Load the flights dataset.

Calculate the mean delay in arrival for Delta Airlines (DL) (use filter())

Calculate the associated 95% confidence interval.

Do the same for United Airlines (UA) and compare the two. Do their confidence intervals overlap?

Calculate the mode for the delay in arrival for at JFK airport.

save a dataset as .sav with only departing flights from JFK airport.

Load the flights data.

library(nycflights13)
flights<-nycflights13::flights

Select just the delta flights

require(dplyr)
## Loading required package: dplyr
## Warning: package 'dplyr' was built under R version 3.5.2
## 
## Attaching package: 'dplyr'
## The following objects are masked from 'package:stats':
## 
##     filter, lag
## The following objects are masked from 'package:base':
## 
##     intersect, setdiff, setequal, union
delta<-filter(flights, carrier=="DL")

Means

#remove the missings
# chose to work in same dataset. (for safety reasons you could make a new one!)
delta<-filter(delta, arr_delay!='NA')
mean(delta$arr_delay)
## [1] 1.644341
# store it
mean_delta<-mean(delta$arr_delay)

95% CI

First get the ‘se’

se_delta<-sd(delta$arr_delay)/sqrt(length(delta$arr_delay))
se_delta
## [1] 0.2033937

Now calculate 95%CI.

UL_delta<- (mean_delta + 1.96*se_delta)
LL_delta<- (mean_delta - 1.96*se_delta)
UL_delta
## [1] 2.042993
LL_delta
## [1] 1.245689

United airlines.

All in one go

require(dplyr)
united<-filter(flights, carrier=="UA")
united<-filter(united, arr_delay!='NA')
mean(united$arr_delay)
## [1] 3.558011
# store it
mean_united<-mean(united$arr_delay)
se_united<-sd(united$arr_delay)/sqrt(length(united$arr_delay))
se_united
## [1] 0.1704989
UL_united<- (mean_united + 1.96*se_united)
LL_united<- (mean_united - 1.96*se_united)
UL_united
## [1] 3.892189
LL_united
## [1] 3.223833

Conclusion: Delta vs. United.

The 95%CI’s do not overlap.

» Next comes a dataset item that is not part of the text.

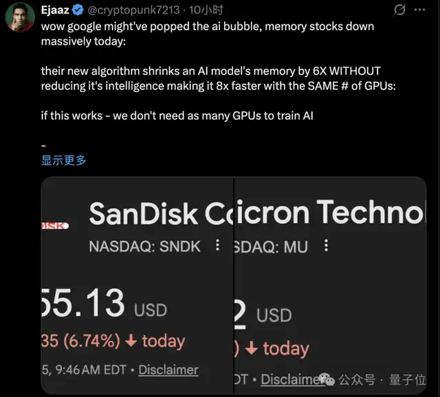 这一消息让市场反应强烈,认为这对内存股来说是个负面消息,因为未来的AI推理可能不需要这么多内存。

United [3.22 to 3.89] is significantly slower in terms of arrival time than Delta [1.25 to 2.04].

JFK airport

Make a dataset.

jfk<- filter(flights, origin=="JFK")
# remove the missings.
jfk<- filter(jfk, arr_delay!='NA')

Calculate the mode.

library(modeest)
## 
## This is package 'modeest' written by P. PONCET.
## For a complete list of functions, use 'library(help = "modeest")' or 'help.start()'.
mlv(jfk$arr_delay,  method='mfv')
## Mode (most likely value): -13 
## Bickel's modal skewness: 0.3091337 
## Call: mlv.default(x = jfk$arr_delay, method = "mfv")

The mode is -13. The most common value in the dataset is thus 13 minutes early!

Write away the data.

require(haven)
## Loading required package: haven
## Warning: package 'haven' was built under R version 3.5.2
write_sav(jfk, 'jfk.sav')

The end.